The antibacterial activity of levofloxacin was compared with those of ofloxacin, ciprofloxacin, and other antibiotics. In general, levofloxacin was equally active or up to fourfold more active than ofloxacin against all 801 organisms tested. Levofloxacin was twofold [corrected] more active than ciprofloxacin against Streptococcus pneumoniae and 2- to 4-fold more active than ciprofloxacin against Staphylococcus aureus, Xanthomonas maltophilia, and Bacteroides fragilis. Levofloxacin was two- to eightfold more active than ciprofloxacin against coagulase-negative staphylococci and Acinetobacter spp., although these improvements in potency may not be clinically relevant. Levofloxacin inhibited 90% of streptococci when it was used at concentrations of 1 to 2 micrograms/ml. Levofloxacin was two- to fourfold less active than ciprofloxacin against most members of the family Enterobacteriaceae, such as Escherichia coli; Klebsiella pneumoniae; Citrobacter, Proteus, Providencia, Salmonella, Mezatrin 250 Mg Obat Apa and Yersinia spp.; and Pseudomonas aeruginosa. Both compounds were equally active against Pseudomonas cepacia. The in vitro DNA gyrase inhibitory activity of levofloxacin was as potent as that of ciprofloxacin, with a 50% inhibitory concentration of 0.65 micrograms/ml against an E. coli enzyme. In vivo, oral treatment with levofloxacin was as efficacious or more efficacious than that with ciprofloxacin in systemic as well as pyelonephritis infections in mice. Levofloxacin achieved higher concentrations in the serum and tissue of mice than did ciprofloxacin. This study presents some potential advantages of the pure L isomer of ofloxacin over ciprofloxacin and other quinolones.
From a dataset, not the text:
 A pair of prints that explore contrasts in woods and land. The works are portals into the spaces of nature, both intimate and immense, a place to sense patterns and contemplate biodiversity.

leflox 500 mg price in pakistan 2016-01-15

• In all, 245 men were enrolled, but 43 were lost due to follow-up. A total of 145 patients who used antibiotics and 57 controls were included in the analysis. • The median baseline PSA levels were 7.6 and 7.7 ng/mL in the antibiotic and control groups, respectively, with median follow-up levels of 6.8 and 7.0 ng/mL. The follow-up PSA level was significantly lower than the initial PSA level (P = 0.009). • Mean absolute and percentage variation in PSA level were similar in both groups (P = 0.828 and 0.128, respectively). • The overall PCa detection rate was 15.8%, and did not differ among the groups (P = 0.203). Regarding the percentage variation in PSA level, patients diagnosed with PCa tended to have their PSA level increased (22.4 vs -5.3%; P = 0.001). Indeed, a decrease of 20% in PSA was not predictive of a negative prostate biopsy (P = 0.41). • The area under the receiver operating characteristic curve for percentage PSA variation as a predictor of PCa was 0.660.
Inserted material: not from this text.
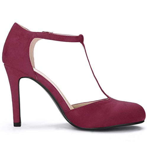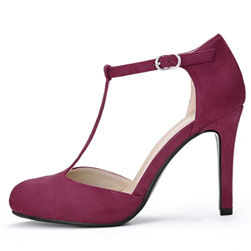 Dress Pumps Rounded Toe T-Strap Stiletto High Heel Vamp: Faux Suede; Outsole: Rubber; Heel: ABS

leflox 500 mg dosage 2016-06-12

The cytotoxicities of 1.5% and 0.5% levofloxacin, 0.5% moxifloxacin, and 0.3% gatifloxacin were different, and 1.5% levofloxacin and 0.5% moxifloxacin resulted in delayed corneal wound healing. The results suggest that 1.5% levofloxacin exerts the greatest influence on corneal wound healing.
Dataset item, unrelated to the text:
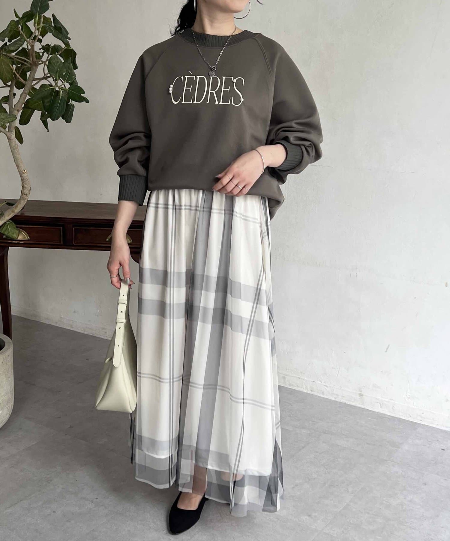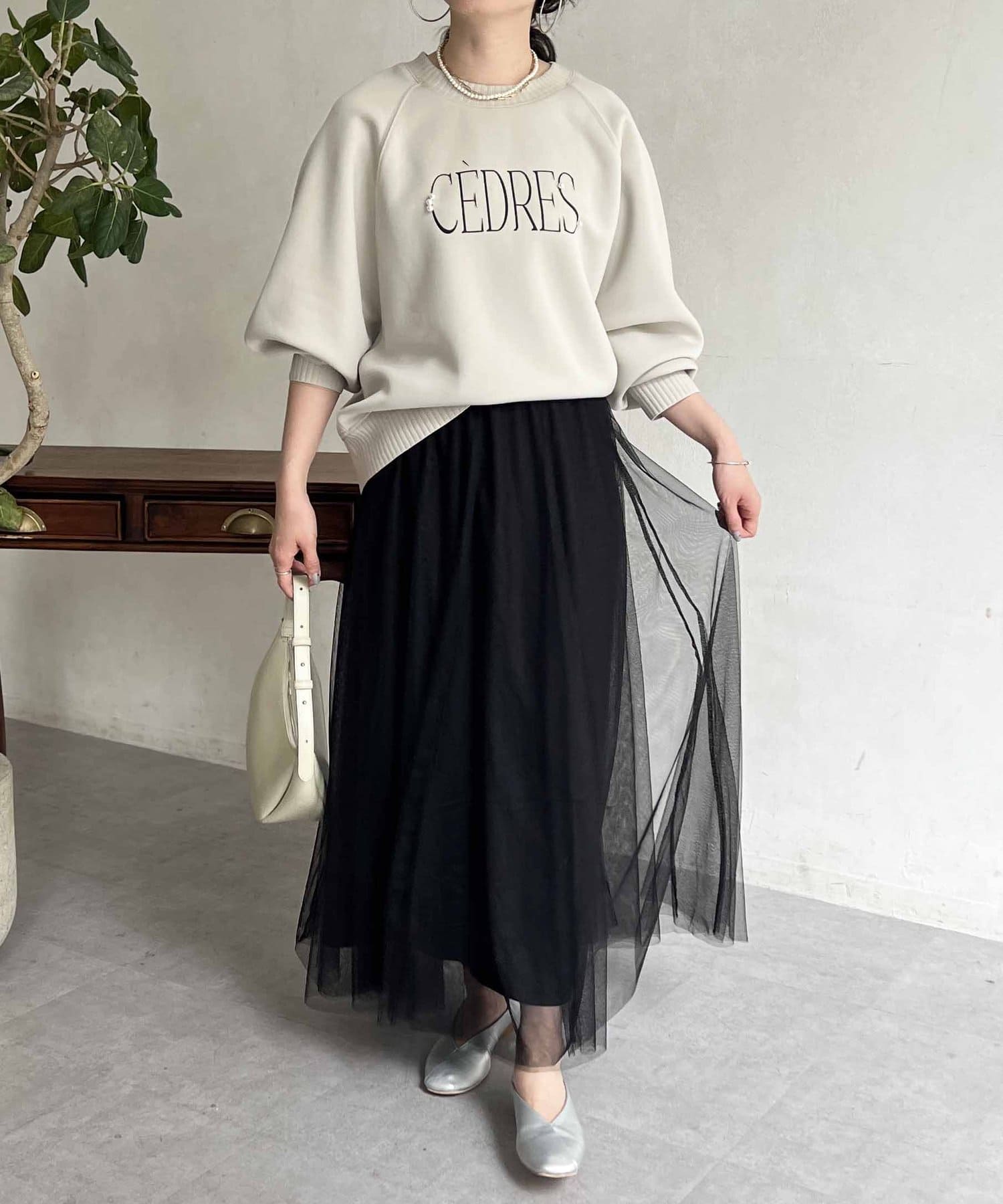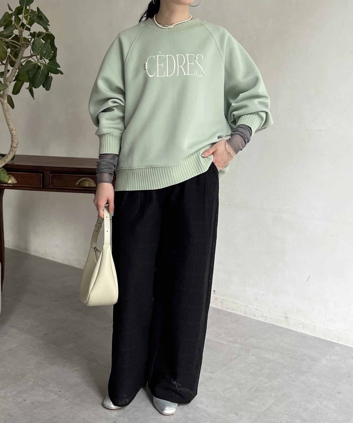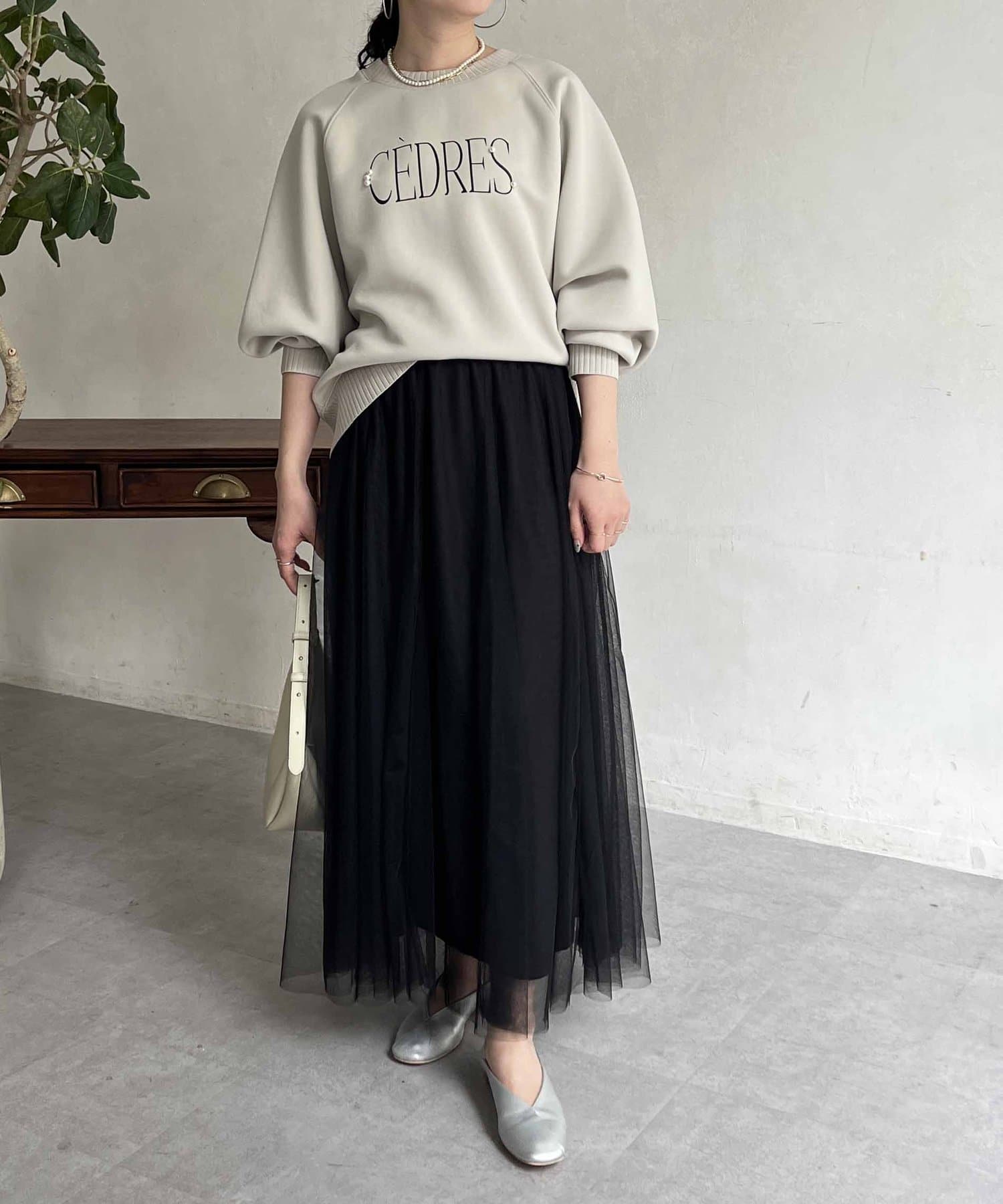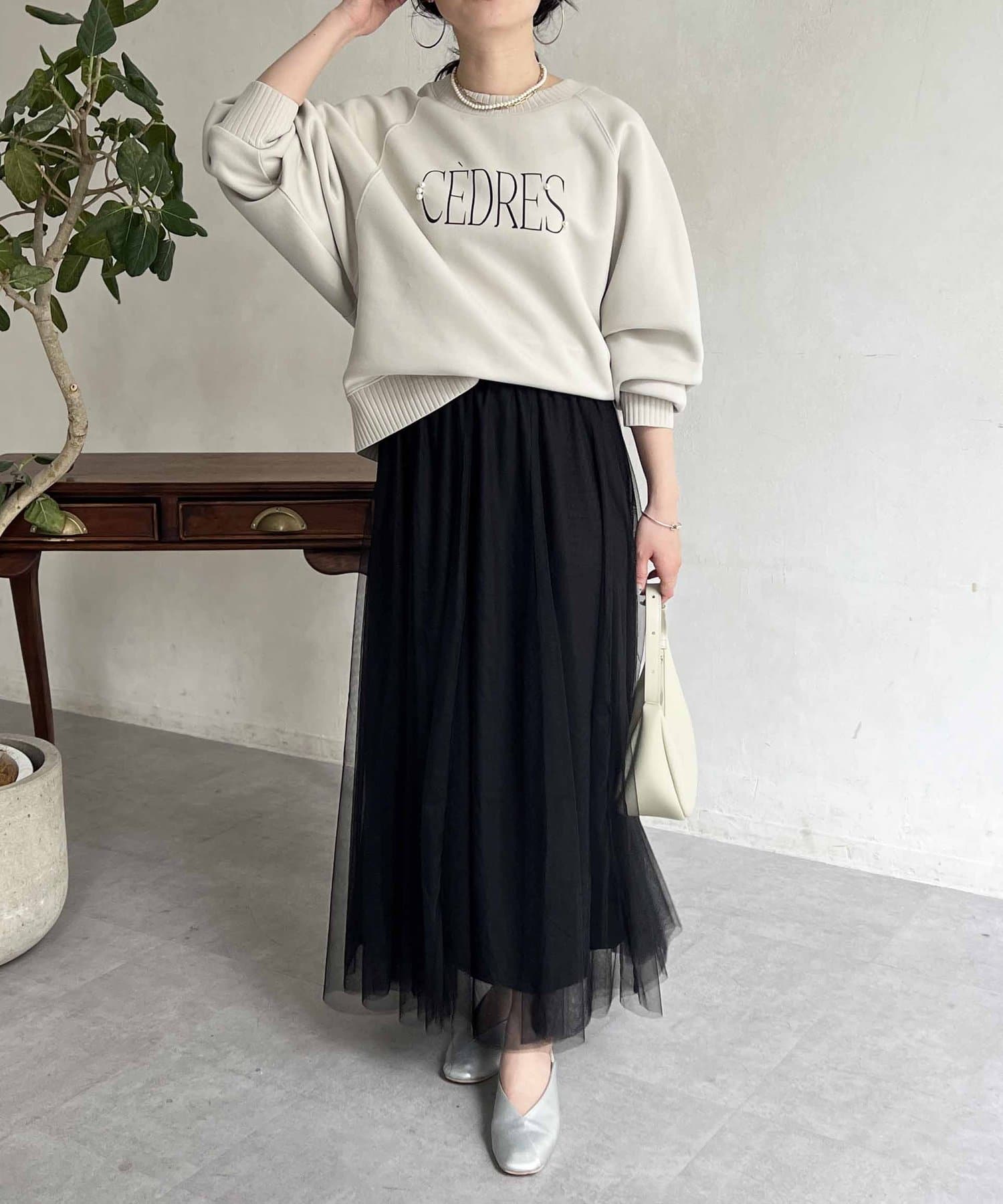 きれいめ見えする細ロゴとアクセントになるパール付きがポイントのスウェット。

leflox tablet 500mg 2017-08-15

The effects of single coadministrations of one of three traditional Chinese medicines, Hotyu-ekki-to, Rikkunshi-to, and Juzen-taiho-to, on the pharmacokinetics of levofloxacin (LVFX) were investigated with eight healthy volunteers in an open, random crossover fashion. Subjects each received a single oral dose of LVFX (200 mg) alone and then with a single coadministration of each Chinese medicine. There were no significant differences in any pharmacokinetic parameters of LVFX between the groups. Also, no significant changes in the urinary recovery (> 80%) and renal clearance of LVFX were observed. These results indicate that the Chinese medicines tested have no significant effect on the rate and extent of bioavailability or renal excretion of LVFX.